| TASK TO COMPLETE |
Retype the entries in full.

| Data items |
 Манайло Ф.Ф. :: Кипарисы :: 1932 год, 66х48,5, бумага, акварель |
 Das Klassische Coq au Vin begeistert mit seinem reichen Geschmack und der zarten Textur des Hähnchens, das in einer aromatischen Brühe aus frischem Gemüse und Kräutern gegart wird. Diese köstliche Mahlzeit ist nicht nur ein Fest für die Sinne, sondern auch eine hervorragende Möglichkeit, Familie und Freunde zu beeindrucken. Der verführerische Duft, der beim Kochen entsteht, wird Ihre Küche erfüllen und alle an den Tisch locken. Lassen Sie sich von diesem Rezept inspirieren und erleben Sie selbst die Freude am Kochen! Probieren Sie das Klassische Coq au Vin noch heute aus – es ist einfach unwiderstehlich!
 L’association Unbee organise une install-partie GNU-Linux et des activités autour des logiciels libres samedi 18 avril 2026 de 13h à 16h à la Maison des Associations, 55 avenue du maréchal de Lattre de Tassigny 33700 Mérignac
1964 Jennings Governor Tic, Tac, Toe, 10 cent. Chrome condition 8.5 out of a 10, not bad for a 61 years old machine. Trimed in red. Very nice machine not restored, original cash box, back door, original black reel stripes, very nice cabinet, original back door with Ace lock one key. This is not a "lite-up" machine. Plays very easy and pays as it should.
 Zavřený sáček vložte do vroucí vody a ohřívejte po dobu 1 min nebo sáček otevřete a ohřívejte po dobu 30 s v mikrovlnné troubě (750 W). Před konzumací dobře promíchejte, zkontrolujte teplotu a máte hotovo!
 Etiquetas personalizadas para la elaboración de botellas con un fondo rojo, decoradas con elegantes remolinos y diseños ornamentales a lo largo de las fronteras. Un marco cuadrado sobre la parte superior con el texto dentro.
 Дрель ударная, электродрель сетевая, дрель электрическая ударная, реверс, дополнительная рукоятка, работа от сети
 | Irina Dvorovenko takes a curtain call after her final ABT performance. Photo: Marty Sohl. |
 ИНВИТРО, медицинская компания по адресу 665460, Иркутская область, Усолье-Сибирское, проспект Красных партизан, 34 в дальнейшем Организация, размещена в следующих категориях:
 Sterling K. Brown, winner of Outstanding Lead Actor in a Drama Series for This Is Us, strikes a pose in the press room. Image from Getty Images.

| SOLUTION FOR THIS EXERCISE |
 Манайло Ф.Ф. :: Кипарисы :: 1932 год, 66х48,5, бумага, акварель |
 Das Klassische Coq au Vin begeistert mit seinem reichen Geschmack und der zarten Textur des Hähnchens, das in einer aromatischen Brühe aus frischem Gemüse und Kräutern gegart wird. Diese köstliche Mahlzeit ist nicht nur ein Fest für die Sinne, sondern auch eine hervorragende Möglichkeit, Familie und Freunde zu beeindrucken. Der verführerische Duft, der beim Kochen entsteht, wird Ihre Küche erfüllen und alle an den Tisch locken. Lassen Sie sich von diesem Rezept inspirieren und erleben Sie selbst die Freude am Kochen! Probieren Sie das Klassische Coq au Vin noch heute aus – es ist einfach unwiderstehlich!
 L’association Unbee organise une install-partie GNU-Linux et des activités autour des logiciels libres samedi 18 avril 2026 de 13h à 16h à la Maison des Associations, 55 avenue du maréchal de Lattre de Tassigny 33700 Mérignac
1964 Jennings Governor Tic, Tac, Toe, 10 cent. Chrome condition 8.5 out of a 10, not bad for a 61 years old machine. Trimed in red. Very nice machine not restored, original cash box, back door, original black reel stripes, very nice cabinet, original back door with Ace lock one key. This is not a "lite-up" machine. Plays very easy and pays as it should.
 Zavřený sáček vložte do vroucí vody a ohřívejte po dobu 1 min nebo sáček otevřete a ohřívejte po dobu 30 s v mikrovlnné troubě (750 W). Před konzumací dobře promíchejte, zkontrolujte teplotu a máte hotovo!
 Etiquetas personalizadas para la elaboración de botellas con un fondo rojo, decoradas con elegantes remolinos y diseños ornamentales a lo largo de las fronteras. Un marco cuadrado sobre la parte superior con el texto dentro.
 Дрель ударная, электродрель сетевая, дрель электрическая ударная, реверс, дополнительная рукоятка, работа от сети
 | Irina Dvorovenko takes a curtain call after her final ABT performance. Photo: Marty Sohl. |
 ИНВИТРО, медицинская компания по адресу 665460, Иркутская область, Усолье-Сибирское, проспект Красных партизан, 34 в дальнейшем Организация, размещена в следующих категориях:
 Sterling K. Brown, winner of Outstanding Lead Actor in a Drama Series for This Is Us, strikes a pose in the press room. Image from Getty Images.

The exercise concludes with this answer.